Contact Lenses 101, Part 2: Contact Lens Designs

by Dr. Melody Huang

Contact lens designs refer to more than just cosmetic contact lenses. They include optical designs that correct for a wide range of vision, including myopia (nearsightedness), hyperopia (farsightedness), astigmatism, and presbyopia (age-related near vision changes).

Soft contact lens designs

These are the most frequently prescribed contact lens designs, along with the percentage of contact lens patients in the United States who wear that particular lens design [1]:

  • Spherical (52%)
  • Toric (27%)
  • Multifocal (15%)

Other contact lens designs include:

  • Toric multifocal (no data)
  • Myopia management (less than 1%)
  • Monovision (4%)
  • Cosmetic (color) lenses (1%)

Spherical design

These contacts suit myopic or hyperopic patients with little to no astigmatism power (also called cylinder or “cyl”).
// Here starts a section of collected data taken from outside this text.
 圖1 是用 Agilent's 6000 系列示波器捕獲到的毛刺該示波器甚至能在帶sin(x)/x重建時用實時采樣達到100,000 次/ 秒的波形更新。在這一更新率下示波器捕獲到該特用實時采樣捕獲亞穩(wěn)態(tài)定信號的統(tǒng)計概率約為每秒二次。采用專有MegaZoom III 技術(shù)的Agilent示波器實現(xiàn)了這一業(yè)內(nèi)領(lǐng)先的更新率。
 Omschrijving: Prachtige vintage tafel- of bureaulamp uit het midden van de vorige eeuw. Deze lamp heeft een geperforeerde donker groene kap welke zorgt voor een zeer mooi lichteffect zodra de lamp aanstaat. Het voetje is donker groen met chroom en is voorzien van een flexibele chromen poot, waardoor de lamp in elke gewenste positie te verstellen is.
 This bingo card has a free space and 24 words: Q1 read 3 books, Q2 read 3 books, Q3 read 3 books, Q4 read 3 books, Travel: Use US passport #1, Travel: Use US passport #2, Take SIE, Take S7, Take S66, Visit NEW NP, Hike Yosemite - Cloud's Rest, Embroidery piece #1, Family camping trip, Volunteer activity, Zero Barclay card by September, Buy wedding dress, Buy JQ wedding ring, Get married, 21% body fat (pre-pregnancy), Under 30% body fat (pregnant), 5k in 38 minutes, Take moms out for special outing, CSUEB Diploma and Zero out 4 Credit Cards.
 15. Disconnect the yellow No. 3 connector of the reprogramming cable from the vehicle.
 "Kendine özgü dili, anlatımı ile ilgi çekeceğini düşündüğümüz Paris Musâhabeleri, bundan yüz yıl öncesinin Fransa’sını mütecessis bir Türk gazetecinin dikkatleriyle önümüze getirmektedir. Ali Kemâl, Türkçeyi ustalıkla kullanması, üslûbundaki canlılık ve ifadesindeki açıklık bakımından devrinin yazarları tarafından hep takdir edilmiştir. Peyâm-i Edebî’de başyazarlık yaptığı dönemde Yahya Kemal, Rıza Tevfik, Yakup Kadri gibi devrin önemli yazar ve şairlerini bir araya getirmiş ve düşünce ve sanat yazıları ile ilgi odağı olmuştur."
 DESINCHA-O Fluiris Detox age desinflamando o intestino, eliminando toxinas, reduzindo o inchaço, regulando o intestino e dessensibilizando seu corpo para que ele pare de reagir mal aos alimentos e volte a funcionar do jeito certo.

Typically, these include patients with less than -0.75 D of astigmatism.

Spherical lenses are available in daily, 2-week, and monthly replacement schedules. 

Note that spherical powers are available in 0.25 D steps. In higher powers, the increments become 0.50 D steps. Typically, this includes any powers above +/-6.00 D, although this number varies slightly in some brands. For example, spherical powers are available in -6.00 D and -6.50 D, but generally not -6.25 D.
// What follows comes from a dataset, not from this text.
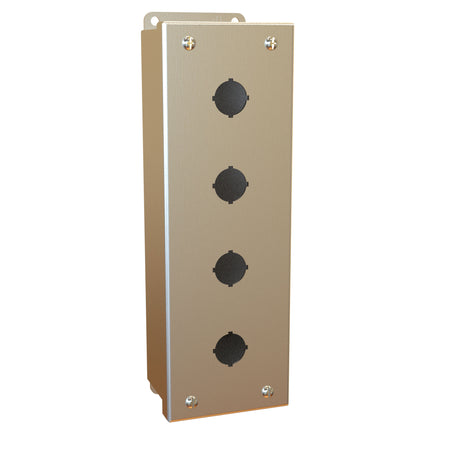 Hammond Part:1435MSSD Description:Pushbutton Encl - 4 PB x 22.5mm - 304 SS
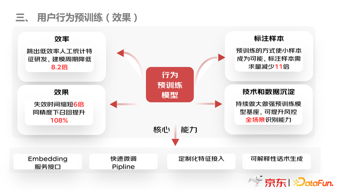 预训练模型的特点,可以克服以上几个问题,毕竟预训练是站在巨人的肩膀上,底座模型加细分场景微调,可以快速建模;并且效果好,有监督、无监督预训练可以充分挖掘存量标签、数据知识等;由于特征和模型统一建设,底层具有强支撑。

Determining spherical lens power

If you’re looking at a prescription, you may have noticed that the eyeglass and contact lens prescriptions are different. There are a few reasons for this difference. When determining the power of a spherical contact lens, the eye care practitioner must consider the spherical equivalent and vertex conversion.

Spherical equivalent

The spherical equivalent gives the closest estimate of a prescription without including any astigmatism correction. This number is calculated by taking the cylinder power of the eyeglass prescription and dividing it in half. Then, add the resulting number to the spherical power. You don’t need the cylinder axis for any calculations.

For example, let’s say the eyeglass prescription reads +2.00 -0.50 x 180. First, divide -0.50 in half, which equals -0.25. Then, add -0.25 and +2.00. The resulting spherical equivalent is +1.75 D. Be careful when adding minus and plus signs!

Because spherical power only comes in multiples of 0.25, the eye care practitioner has to use their professional judgment if the cylinder is an odd multiple of -0.25, such as -0.75 or -1.25 (since dividing these numbers in half doesn’t yield a multiple of 0.25).

Vertex conversion

Vertex conversion is a calculation that compensates for the change in prescription when you go from eyeglasses to contact lenses. Depending on how far a lens sits from your eye, your brain perceives it as stronger or weaker, even though the power of the lens remains the same. This is why the vertex distance (distance from the back of the lens to the front surface of the cornea) is important!

Note that you only have to worry about calculating the vertex conversion if you have a power of +/-4.00 D and up.

For eyeglass lenses, most eye care practitioners use a standard vertex distance of 12 millimeters (mm) from the cornea. Since a contact lens sits directly on the eye, we consider the vertex distance to be 0. Fortunately, you don’t need a fancy math equation to calculate the difference in prescription between a 0 and 12 mm vertex distance!

All you need is a vertex conversion chart, which looks like this:

Here’s how to use the chart:

  1. The vertex conversion differs depending on whether you are working with a plus (+) or minus (-) prescription. On the chart, you’ll see a column for plus and one for minus. Make sure you use the correct column.
  2. Using the spectacle lens power column, find the spherical power you want to convert. Then, look at the corresponding row under the plus or minus column. The corresponding number in that row is the power of the contact lens you’ll need.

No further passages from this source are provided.